▸ Description of the task
From the listing below, restate word for word the lines from the line containing "Gut gestärkt vom" down through the line containing "FOX 13 Meteorologist". Exclude pictures.

▸ Source records

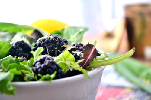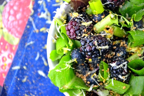 In a small bowl, whisk lemon juice, vinegar, oil, sesame seeds, sea salt and pepper. Pour dressing over blackberry salad; gently toss to combine.
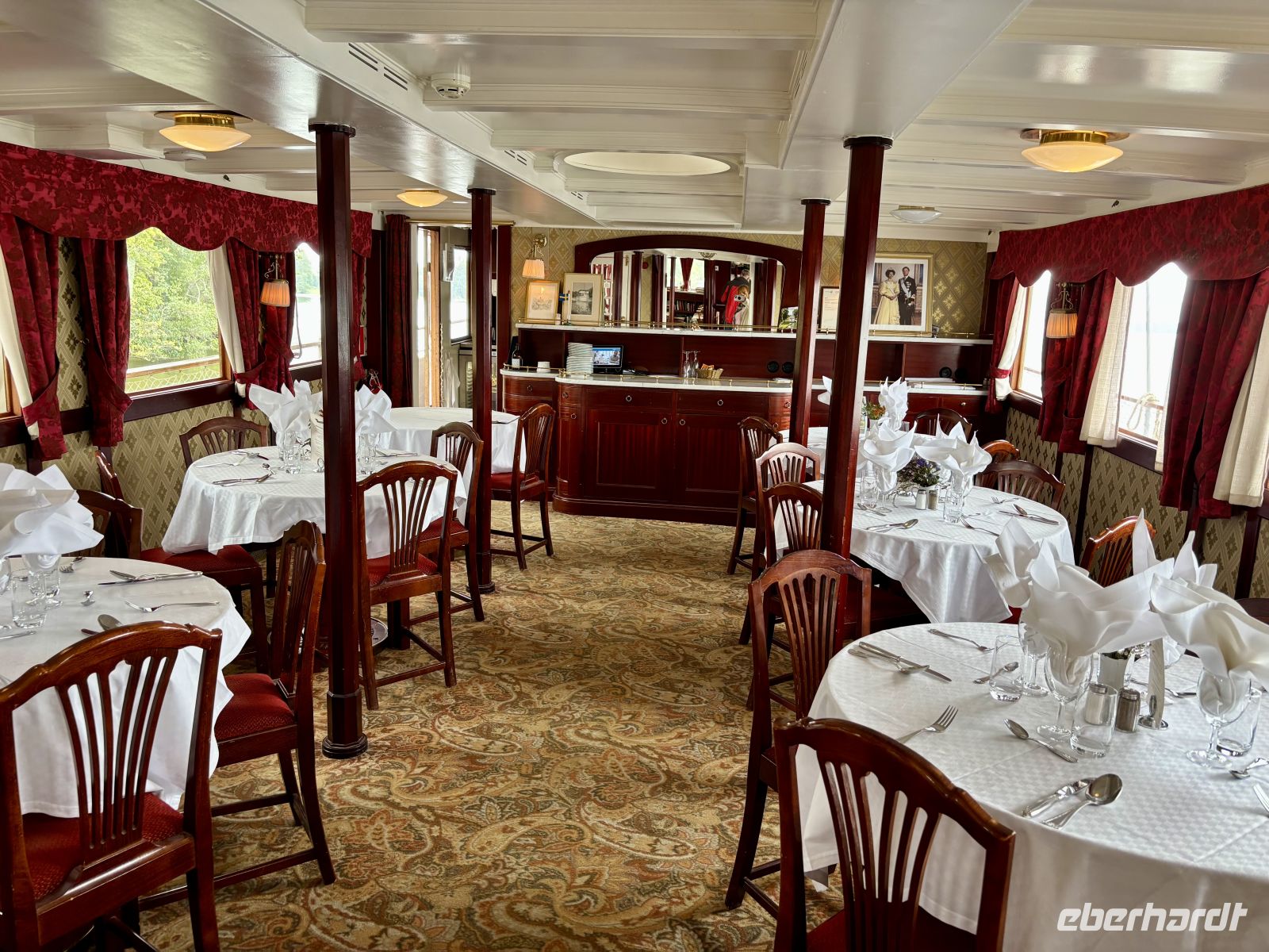 Gut gestärkt vom reichhaltigen Frühstücksbuffet treten wir unseren Transfer zum Hafen an. Nach einer kurzen Fahrt ist es so weit: Vor uns liegt die altehrwürdige MS Diana. Die Schiffsmannschaft, adrett im maritimen Stil gekleidet, erwartet uns bereits strahlend am Kai. Freundlich werden wir an Bord begrüßt, zu unseren Kabinen geführt und mit unserer kleinen „Puppenstube“ vertraut gemacht. Zuerst wirkt unser neues Zuhause winzig klein – doch schnell gewöhnen wir uns an die Gegebenheiten und bewegen uns bald ganz selbstverständlich auf unserem schwimmenden Heim.
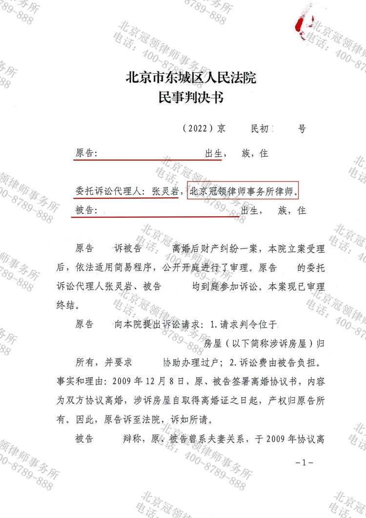 徐女士与朱先生原为夫妻关系,双方于2009年签署了《离婚协议书》,其中约定离婚后当地某套登记在朱先生名下的房产应归徐女士所有。然而由于种种原因,该房产一直未办理过户手续。为此,徐女士求助到北京冠领律师事务所,张灵岩律师受律所指派代理本案。
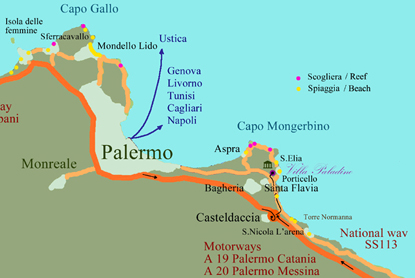 ARRIVO AEROPORTI PALERMO O CATANIA: autobus o metro sino alla Stazione Centrale di Palermo, quindi treno per Santa Flavia (viaggio 12 min.). Qui superate il passaggio a livello ferroviario e andate a sinistra sulla via nazionale 113 per m. 100.
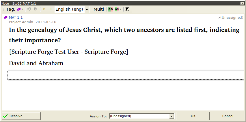 Notizen, die aus Antworten durch die Überprüfung mit der Zielgruppe generiert wurden, werden ein eigenes Notizsymbol haben, das sich von anderen Notizen in Deinem Paratext-Projekt unterscheidet. Du kannst das Symbol ändern, indem Du das Notizsymbol bearbeitest. Details dazu findest Du im Paratext-Hilfeartikel über benutzerdefinierte Notizensymbole. Auch kannst Du die Notizen nach Notizensymbol filtern, sodass Du nur die Antworten auf die Überprüfung durch die Zielgruppe anzeigen oder sie ganz ausblenden kannst.
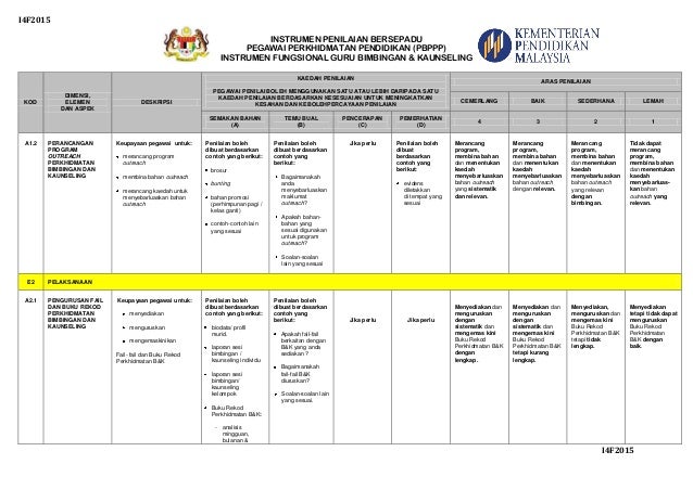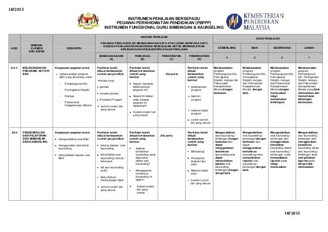 5 4 3 2 1. Click to expand document information. Instrumen penilaian bersepadu pegawai perkhidmatan pendidikan pbppp instrumen fungsional guru bimbingan kaunseling i4f2015 kod dimensi elemen dan aspek deskripsi kaedah penilaian pegawai penilai boleh menggunakan satu atau lebih daripada satu kaedah penilaian berdasarkan kesesuaian untuk meningkatkan.
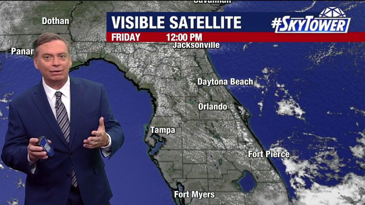 FOX 13 Meteorologist Jim Weber says Friday will be partly cloudy with a late day inland shower. The high temperature will be 84 degrees.
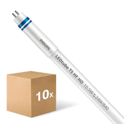 De Voordeelpak 10x Philips LED Buis T5 MASTER Instantfit (HF) High Output 10.5W 1600lm - 840 Koel Wit | 55cm - Dimbaar - Vervangt 24W is het perfecte alternatief voor conventionele TL lampen. Met een verbruik van 10.5W, bespaar je veel energie vergeleken met conventionele TL lampen die 24W verbruiken. Dit verschil ga je dan ook zeker merken in je maandelijkse energie- en onderhoudskosten!
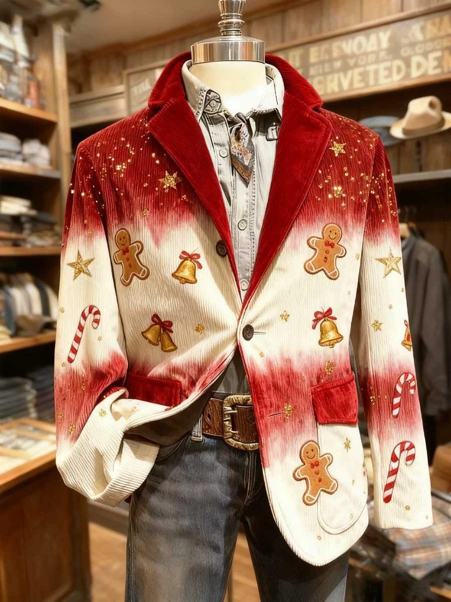 Men's Vintage Christmas Snowflake Gingerbread Man Casual Jacket
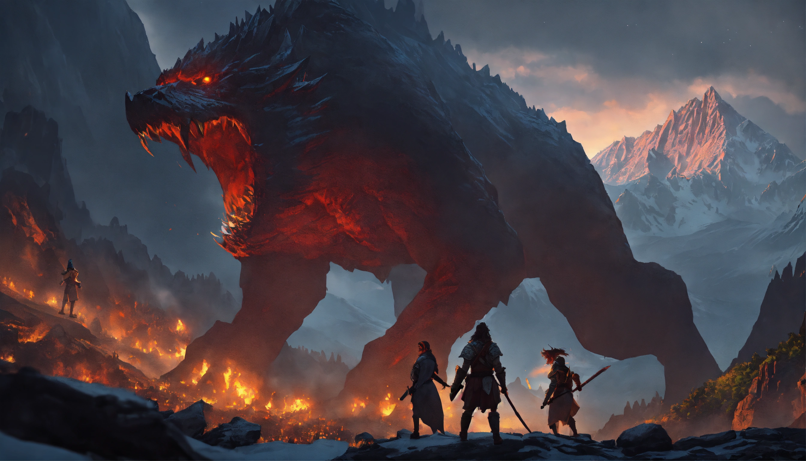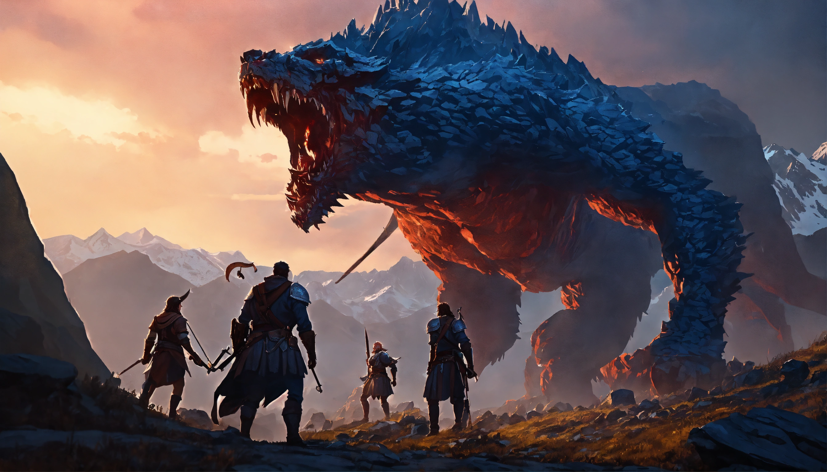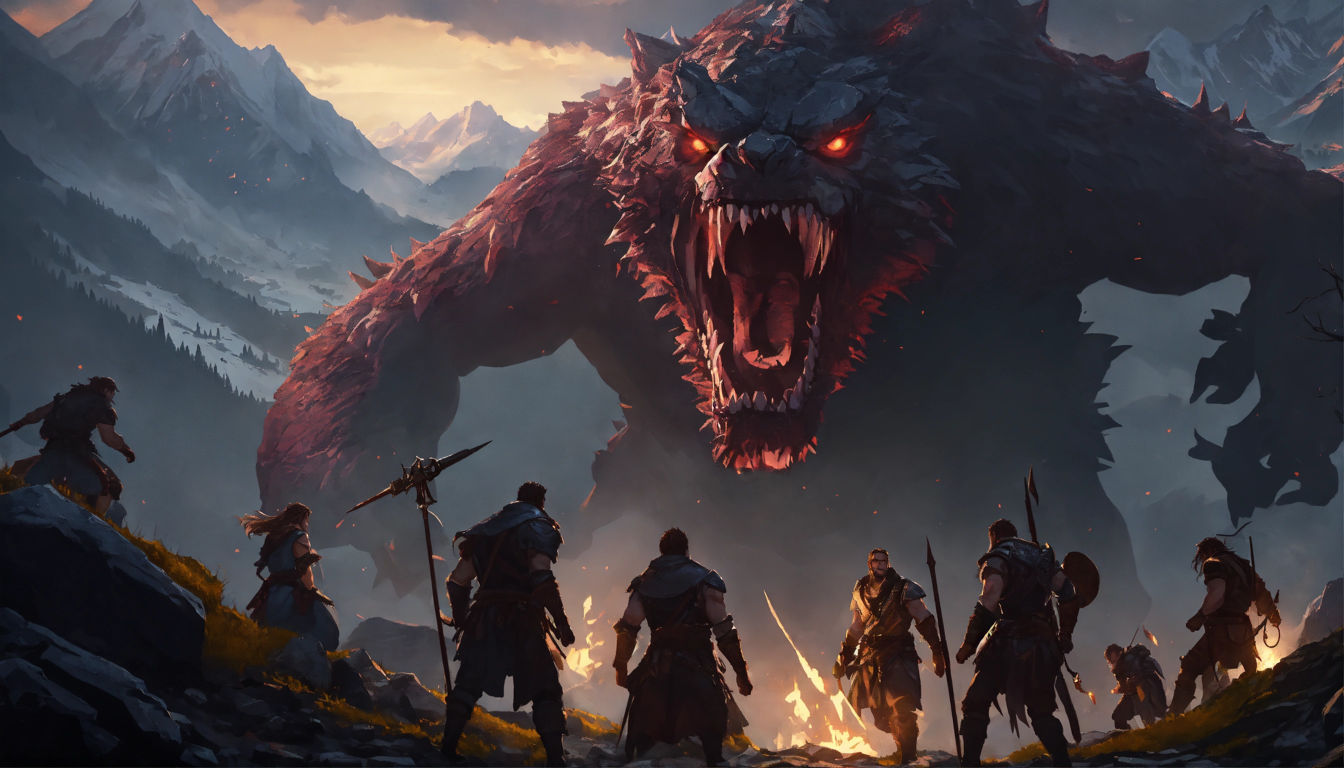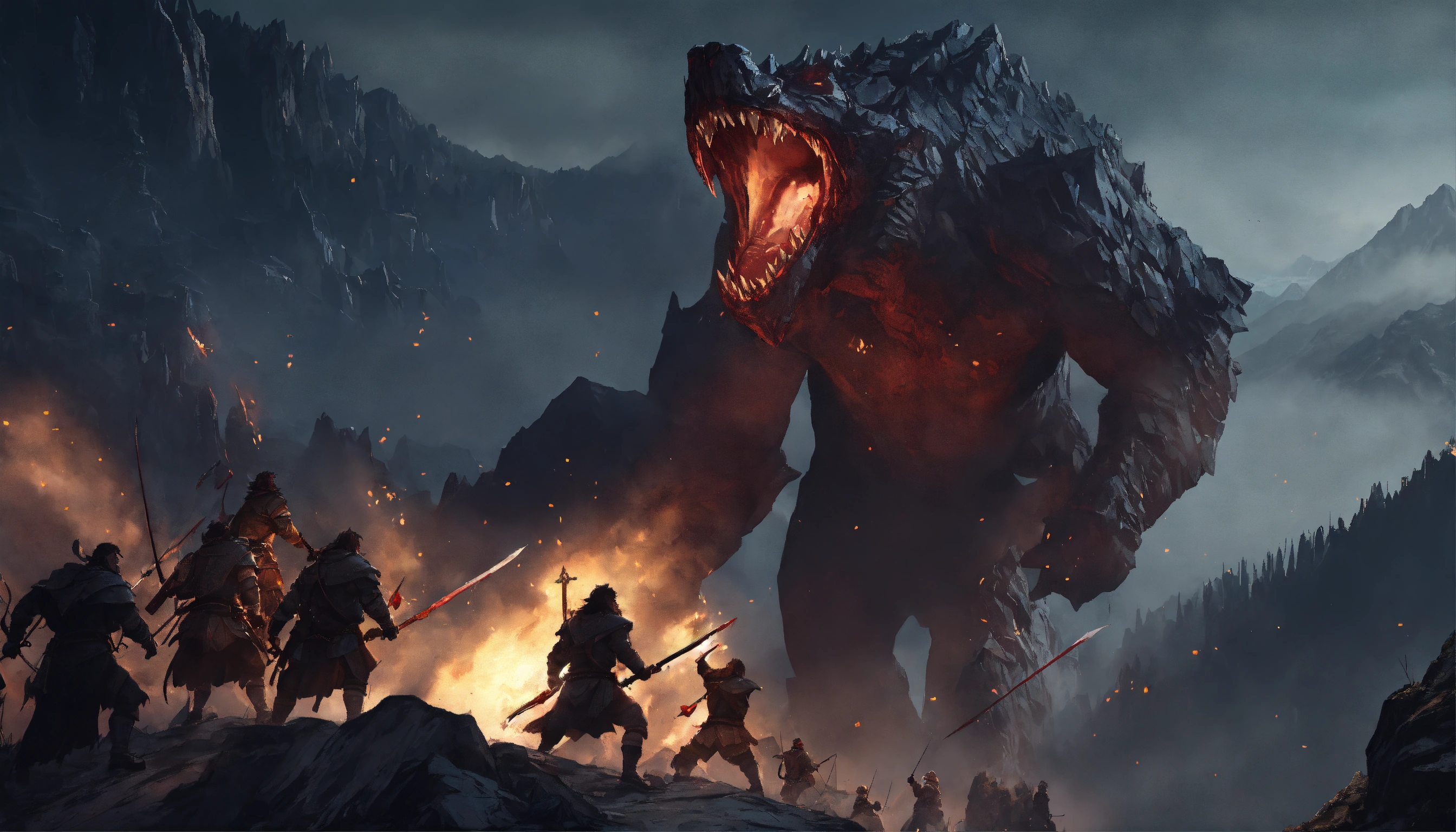 Giant humans fighting giants with jagged teeth that have an uncanny valley appearance in a large mountain range at night. d&d, cinematic

▸ Task solution
 Gut gestärkt vom reichhaltigen Frühstücksbuffet treten wir unseren Transfer zum Hafen an. Nach einer kurzen Fahrt ist es so weit: Vor uns liegt die altehrwürdige MS Diana. Die Schiffsmannschaft, adrett im maritimen Stil gekleidet, erwartet uns bereits strahlend am Kai. Freundlich werden wir an Bord begrüßt, zu unseren Kabinen geführt und mit unserer kleinen „Puppenstube“ vertraut gemacht. Zuerst wirkt unser neues Zuhause winzig klein – doch schnell gewöhnen wir uns an die Gegebenheiten und bewegen uns bald ganz selbstverständlich auf unserem schwimmenden Heim.
 徐女士与朱先生原为夫妻关系,双方于2009年签署了《离婚协议书》,其中约定离婚后当地某套登记在朱先生名下的房产应归徐女士所有。然而由于种种原因,该房产一直未办理过户手续。为此,徐女士求助到北京冠领律师事务所,张灵岩律师受律所指派代理本案。
 ARRIVO AEROPORTI PALERMO O CATANIA: autobus o metro sino alla Stazione Centrale di Palermo, quindi treno per Santa Flavia (viaggio 12 min.). Qui superate il passaggio a livello ferroviario e andate a sinistra sulla via nazionale 113 per m. 100.
 Notizen, die aus Antworten durch die Überprüfung mit der Zielgruppe generiert wurden, werden ein eigenes Notizsymbol haben, das sich von anderen Notizen in Deinem Paratext-Projekt unterscheidet. Du kannst das Symbol ändern, indem Du das Notizsymbol bearbeitest. Details dazu findest Du im Paratext-Hilfeartikel über benutzerdefinierte Notizensymbole. Auch kannst Du die Notizen nach Notizensymbol filtern, sodass Du nur die Antworten auf die Überprüfung durch die Zielgruppe anzeigen oder sie ganz ausblenden kannst.
 5 4 3 2 1. Click to expand document information. Instrumen penilaian bersepadu pegawai perkhidmatan pendidikan pbppp instrumen fungsional guru bimbingan kaunseling i4f2015 kod dimensi elemen dan aspek deskripsi kaedah penilaian pegawai penilai boleh menggunakan satu atau lebih daripada satu kaedah penilaian berdasarkan kesesuaian untuk meningkatkan.
 FOX 13 Meteorologist Jim Weber says Friday will be partly cloudy with a late day inland shower. The high temperature will be 84 degrees.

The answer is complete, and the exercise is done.